Proving the injectivity of a function, I arrived to
$\forall \phi\in H^s \int_{\mathbb{R}^d} u(x)\phi(x)dx=0$, where $u\in H^{-s}$.
I know that if $\phi\in S$ and $u\in S'$, by the definition of the $0$ tempered distribution, this implies that $u=0$. But we don't have that. I also know that $S\subset H^s$ for all real s continuously, but I think that this has no relationship. Why can we assure that the above formula implies $u=0$? being $u\in H^s$.
Thank you in advance!
On
$u\in H^{-s}$, therefore by definition of $H^{-s}$, $u\in S'$, the space of tempered distributions (I did not realize this fact when asking the question).
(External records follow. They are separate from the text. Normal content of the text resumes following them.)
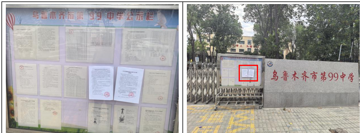
乌鲁木齐市第 99 中学现场张贴照片

按照《环境影响评价公众参与办法》第十一条规定，对环境影响报告书征求意见稿进行公示，于 2026 年 6 月 18 日开始通过在建设项目所在地公众易于知悉的场所张贴公告的方式公开，持续时间不少于 10 工作日，符合《环境影响评价公众参与办法》的要求。现场张贴结果见下图。
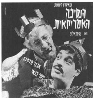
'הנסיכה האמריקאית', מחזה מאת נסים אלוני ובבימויו. עטיפת תקליט לפס קול ההצגה בתיאטרון עונות, סטודיו ב. חובב.
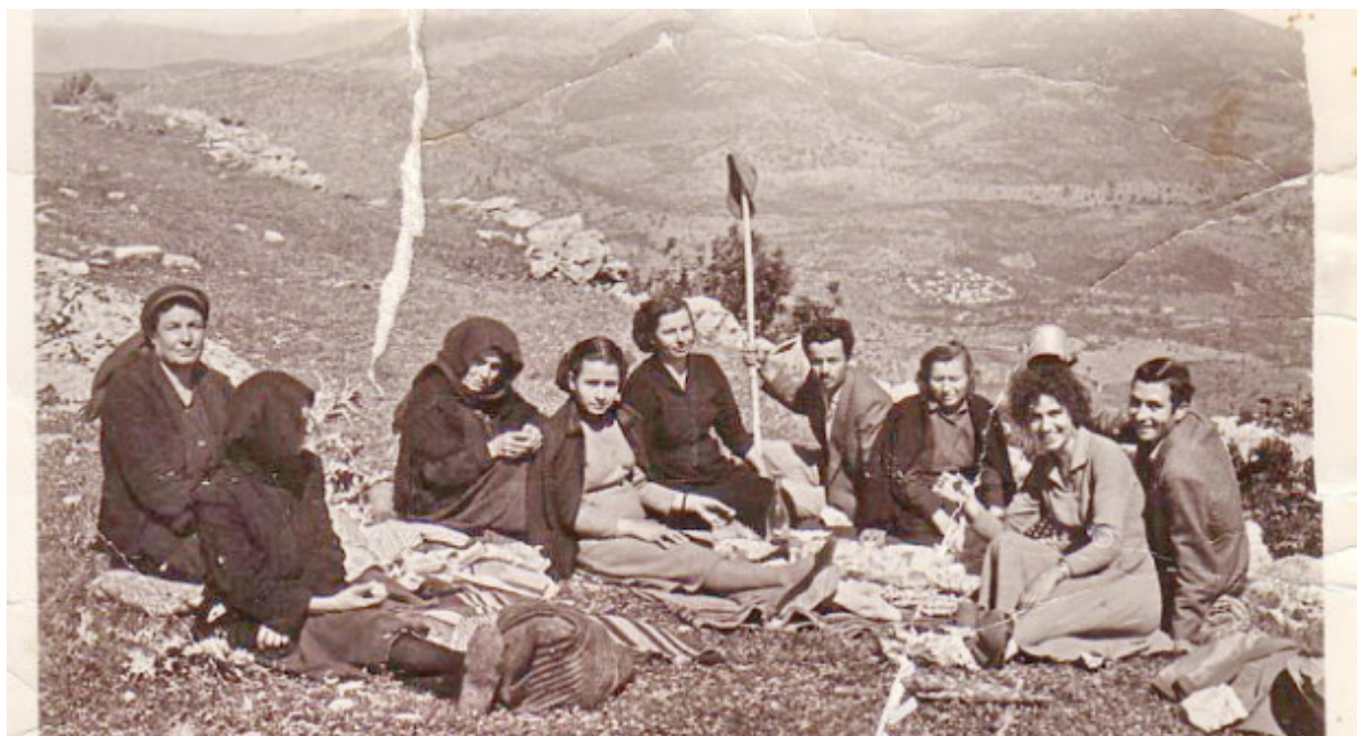
Μακρής-Προσκύνημα στην Παναγία του Βουλκάνου, 15 Αύγουστο - Φώτο:αρχείο του Γιάννη Λύρα
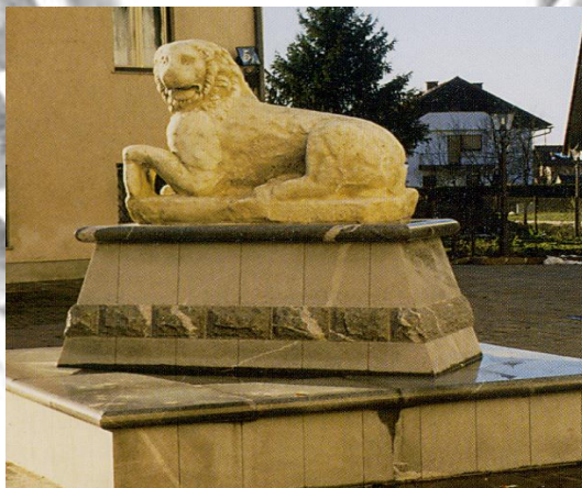
Kamniti lev v osrednjem delu vasi zraven cerkve
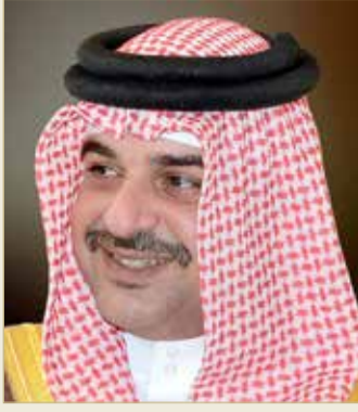
سمو الشيخ عبدالله بن حمد

وأكد سموه أن المجلس الأعلى للبيئة يولي أهمية فائقة لارتفاع منسوب مياه البحر، ويرصد مناطق ارتفاع موج البحر، وتحليل الأسباب المؤدية لهذا الارتفاع، حيث قام المجلس بتحديد المناطق المتأثرة بارتفاع منسوب مياه البحر، ويتم الآن تحديد المناطق بصورة تفصيلية ووضع التوصيات اللازمة للتخفيف من تأثير ارتفاع منسوب مياه البحر.
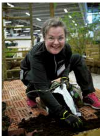
My Selander bygger golvet under pergolan.
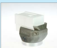
UBL-25 IA Přepletovací svar, 25 mm Obj. č.: 145.896
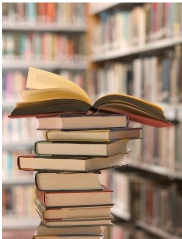
図書の自動貸出機
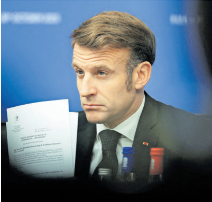
El presidente de Francia, Emmanuel Macron, ayer.

—¿Y habrá una conferencia conjunta? —Supongo que sí. Se está acordando la agenda, va a ser muy breve la visita, y se está acordando la agenda. Pero nuestro
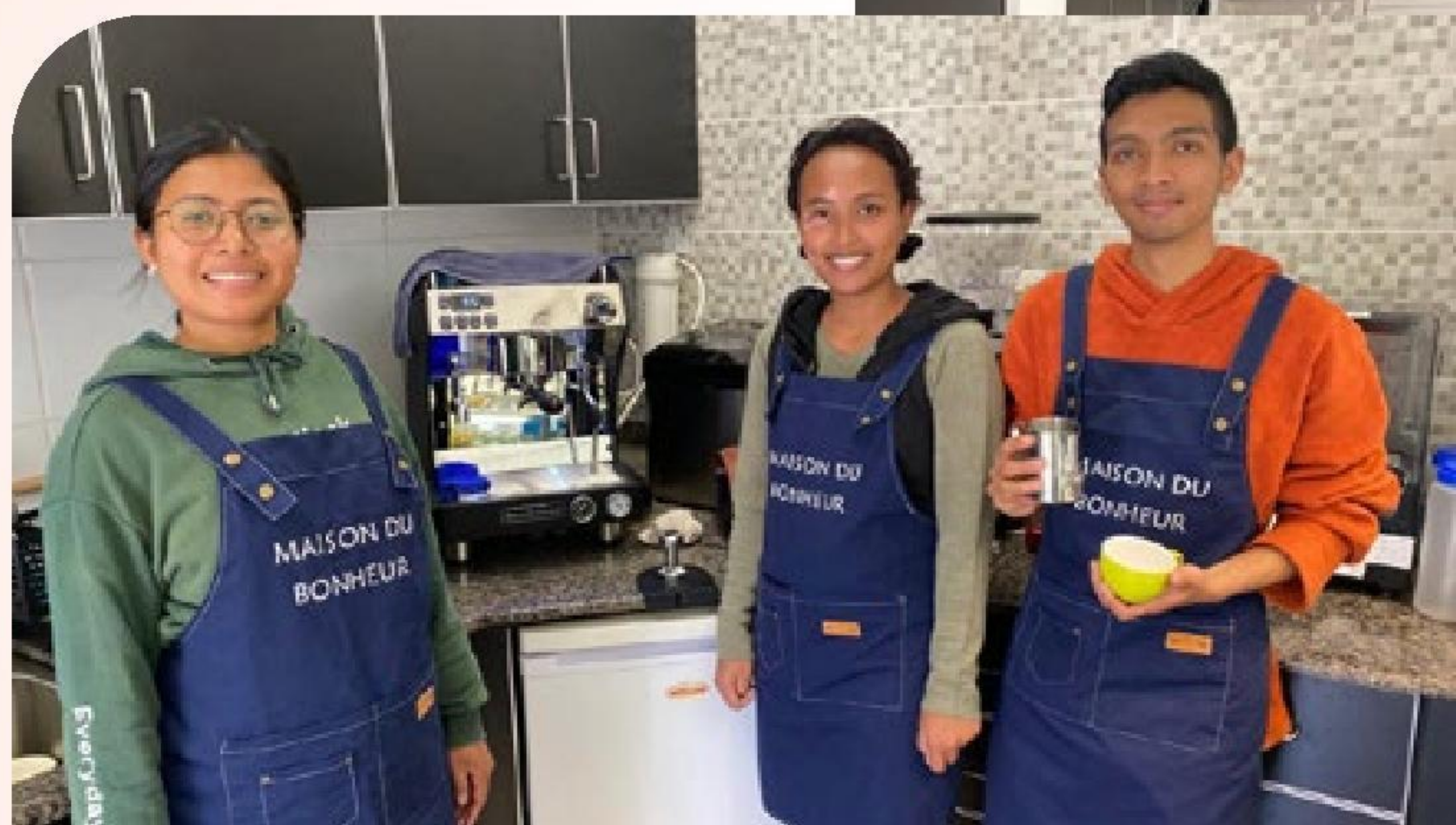
▲ 咖啡室同工(左、右)與實習生(中)
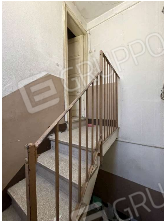
Fotografia D.39 - Scala che porta all'ingresso del locale al piano secondo

Therefore $(1+|\xi|^2)^s\bar{\hat{u}}=0$ in the sense of tempered distributions. If we multiply by $(1+|\xi|^2)^-s$, and since multiplying by this function with this crescence rate let S' stable, we find that $\bar{\hat{u}}=0$ as tempered distribution, and then $u\equiv 0$.
You have
$$\int_{\Bbb R^d} u(x)\phi(x)dx = \int_{\Bbb R^d} \hat u(\xi)\bar{\hat \phi}(\xi)d\xi =\int_{\Bbb R^d} \hat u(\xi) (1+|\xi|^2)^{-s/2} \bar{\hat \phi}(\xi)(1+|\xi|^2)^{s/2}d\xi. $$
Now you have $\hat u(\xi) (1+|\xi|^2)^{-s/2}$ is a $L^2$ function. Take, for example, arbitrary $\phi\in S$, therefore, functions of the form $\bar{\hat \phi}(\xi)(1+|\xi|^2)^{s/2}$ cover all $S$. Thus, $\hat u(\xi) (1+|\xi|^2)^{-s/2}$ is orthogonal in $L^2$ to $S$, therefore, $$\hat u(\xi) (1+|\xi|^2)^{-s/2}=0 \quad \mbox{in the sense of }\quad L^2(\Bbb R^d).$$
This implies that $\hat u=0$ and, therefore, $u=0$.